Итак, я созрел, чтобы сознательно и добровольно строить светлое будущее вместе со всем нашим славным советским народом, который уверенно вёл вперёд к великим победам величайший вождь всех времён и народов Иосиф Виссарионович Сталин со своими верными соратниками. Я ещё не осознавал, что уже строю это будущее. И что окружающее меня омерзительное сборище отбросов и уродов — тоже часть народа. Я этого не пожелал, не смог бы признать, если б кто-то мне такую мысль подкинул. Чёткая линия разделяла тогда видимый и ощущаемый мною мир, расколотый надвое. Даже — на два мира. И я эту линию раскола видел каждый день своими глазами — запретная зона. По одну сторону — чудовищный мир несправедливости и бесчеловечности, по другую — стройка того самого светлого и прекрасного будущего. И даже это созидание — тоже светлое. Леонид Романович и такие, как он, ввергнуты сюда, в ад кромешный, по чьей-то ошибке. Я и такие, как я, — за свои собственные. Логика такова (как я полюбил её, логику, — ни шагу без неё): только честный и добросовестный человек достоин счастья. Строить счастливое будущее — это и есть счастье. Будь честным, и добьёшься этого права. Честно жить — значит трудиться. И чем лучше, тем быстрее сможешь переступить ту линию, которая пока отделяет тебя от настоящего мира. Мир неволи мне часто казался нереальным, а я словно бы и существовал в нём, но лишь своей физической оболочкой, духом оставаясь там, в другом запроволочном мире.

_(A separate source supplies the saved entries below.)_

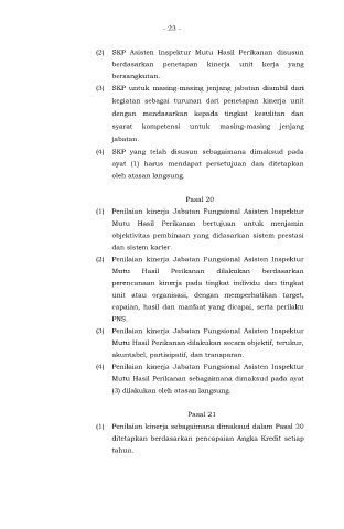 (1) Penilaian kinerja sebagaimana dimaksud dalam Pasal 20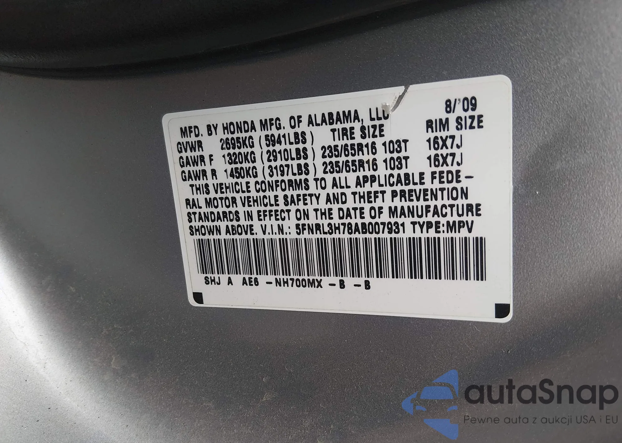 The car Honda Odyssey 2010 (VIN 5FNRL3H78AB007931) is sold by an unverified seller. We recommend checking the Carfax report and confirming registration possibilities before purchase.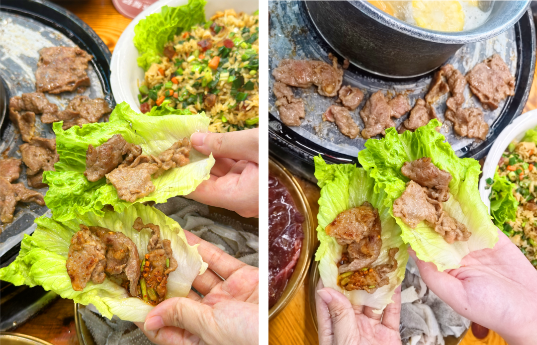 煎上肥瘦相间的牛肉、牛舌或牛肝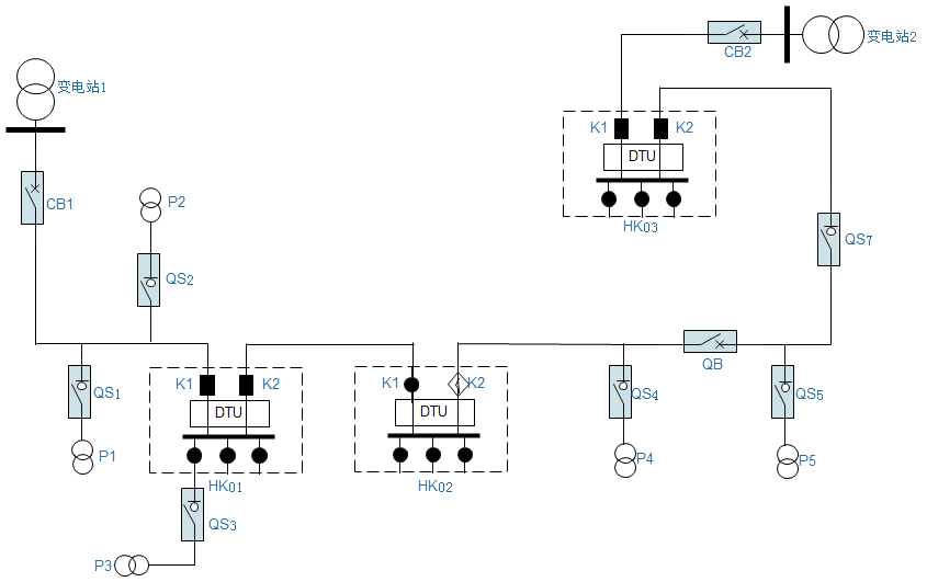 自適應綜合型饋線自動化是通過無壓分閘、來電延時合閘方式、結合短路/接地故障檢測技術與故障路徑優先處理控制策略,配合變電站出線開關二次合閘,實現多分支多聯絡配電網架的故障定位與隔離自適應,一次合閘隔離故障區間,二次合閘恢復非故障段供電。

Я принялся работать ещё упорней, порою превышая свои физические возможности. Меня ничуть не страшило и не заставило задуматься, разумно ли я себя веду, даже то, что через какое-то время после рекордистских триумфов я окончательно опять обессилел. Из кожи вон лез, но уже не мог выполнить даже сотку.[96] Попал в ОП (оздоровительный пункт). Потом опять обливался горячим потом с утра до вечера. Перевели с бригаду УП (усиленного питания). Но и питание с двойной кашей и килограммовой горбушкой не помогло — вынужден был согласиться на дневальство, продолжая мечтать: набравшись силёнок, перейти в производственную бригаду, на промышленный объект. Зачем? Да всё с той же целью. За ударный труд (более полутора норм) зеку к отбытому дню присоединялись ещё два. Отбыл календарный год, а тебе засчитывают три!

Кое-кто из знакомых зеков стал меня подозревать: не чокнулся ли я? Не совсем, а на зачётах. Они существовали по другой логике: если ишачить в мыле для досрочки, то подохнешь быстрее, чем наступит льготное освобождение. Я уж не говорю о мудростях типа: день кантовки[97] — месяц жизни. Сторонники другой логики, вероятно, тоже были правы. У каждого из нас была своя цель.

И вот знойным августовским днём я написал первую свою просьбу о помиловании, отметил в записной книжечке дату отправления и опустил незапечатанный конверт в двухведёрный фанерный ящик, висевший у входа в штабной барак. На ящике, выкрашенном в обнадеживающий голубой цвет, имелась надпись: «Для заявлений, жалоб, кассаций, прошений о помиловании и др. док.».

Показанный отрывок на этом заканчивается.